_The problem_. Would you retype the listing below word for word, without any of its pictures?

_Raw data_.

== == ==

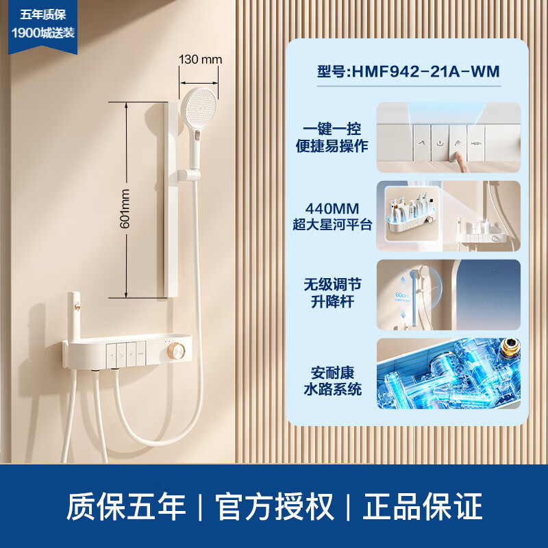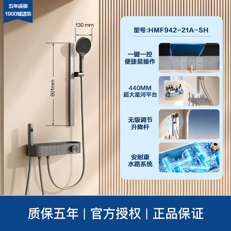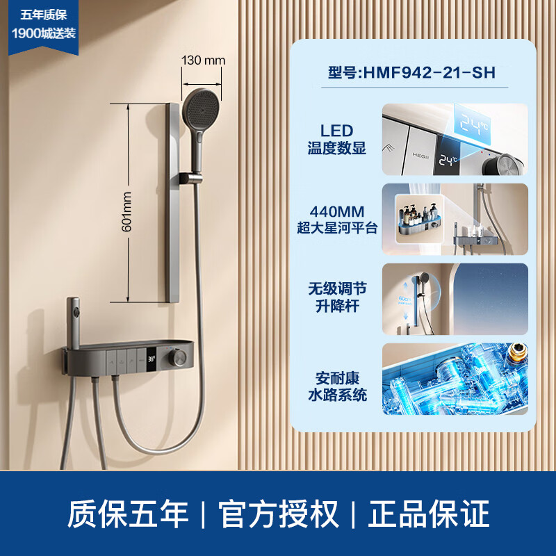 Hengjie (HEGII) smart constant temperature shower head set household digital display button 0 cold water storage platform Y68Y66 constant temperature digital display large platform model Y66 moon shadow gray
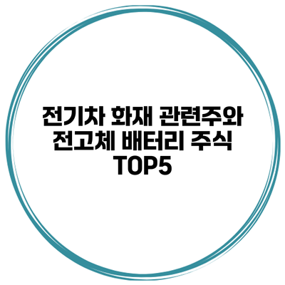 전기차 시장이 급격히 성장함에 따라, 많은 투자자들이 이 분야에 주목하고 있어요. 그러나 전기차의 화재 사고와 같은 이슈는 여전히 해결해야 할 중요한 과제로 남아 있죠. 여기에서는 전기차 화재 관련 주식과 전고체 배터리 주식을 포함한 TOP5 추천 종목을 살펴보겠습니다.
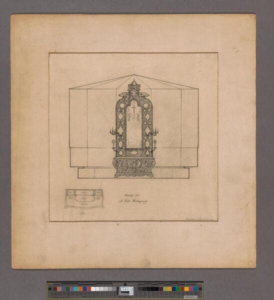 1 drawing of a decorative reliquary, commissioned by Mrs. Doheny for St. Vincent de Paul Church, Los Angeles.
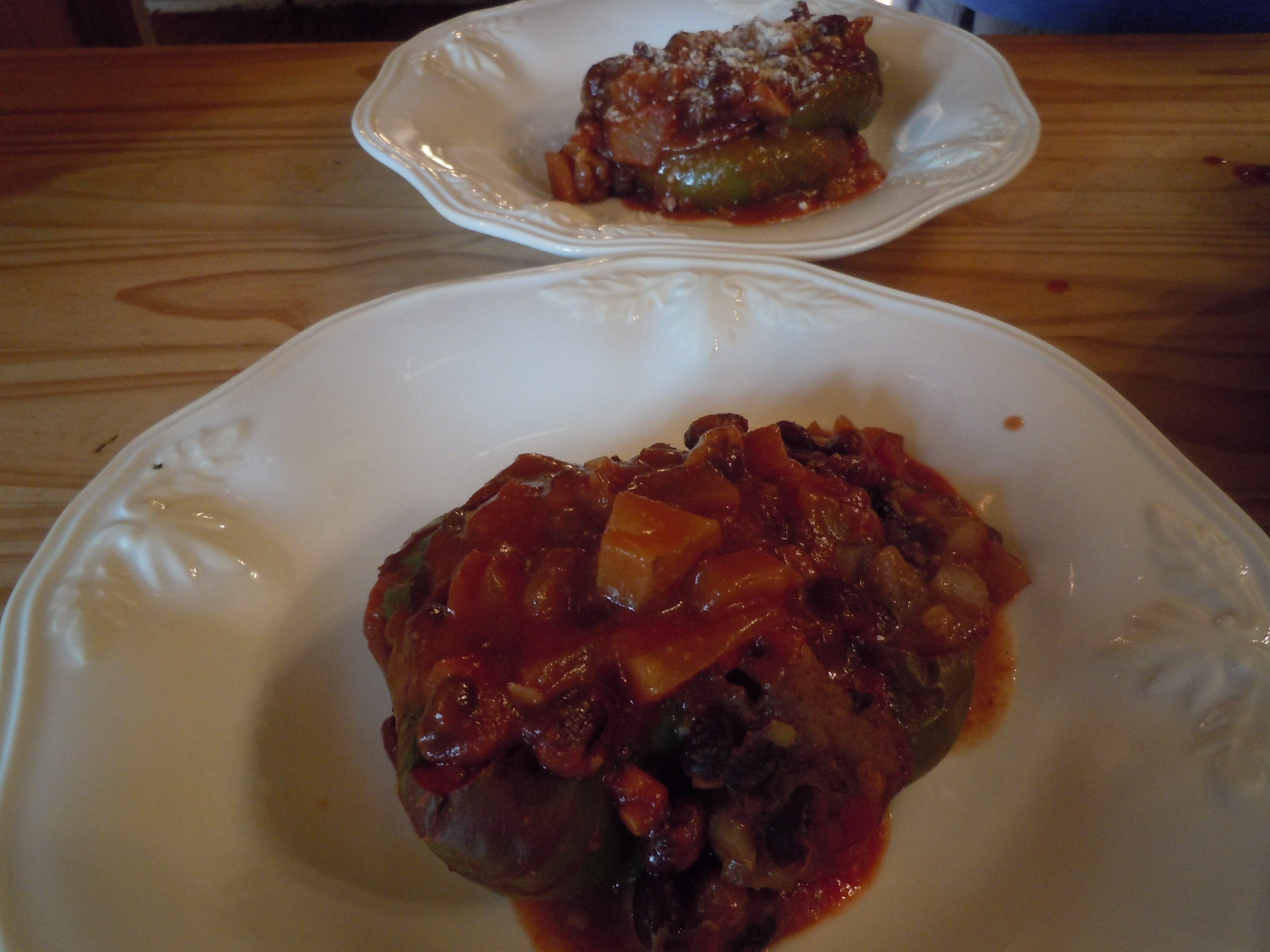 2 green bell peppers, halved and blanched

== == ==

_The completed task_.
 Hengjie (HEGII) smart constant temperature shower head set household digital display button 0 cold water storage platform Y68Y66 constant temperature digital display large platform model Y66 moon shadow gray
 전기차 시장이 급격히 성장함에 따라, 많은 투자자들이 이 분야에 주목하고 있어요. 그러나 전기차의 화재 사고와 같은 이슈는 여전히 해결해야 할 중요한 과제로 남아 있죠. 여기에서는 전기차 화재 관련 주식과 전고체 배터리 주식을 포함한 TOP5 추천 종목을 살펴보겠습니다.
 1 drawing of a decorative reliquary, commissioned by Mrs. Doheny for St. Vincent de Paul Church, Los Angeles.
 2 green bell peppers, halved and blanched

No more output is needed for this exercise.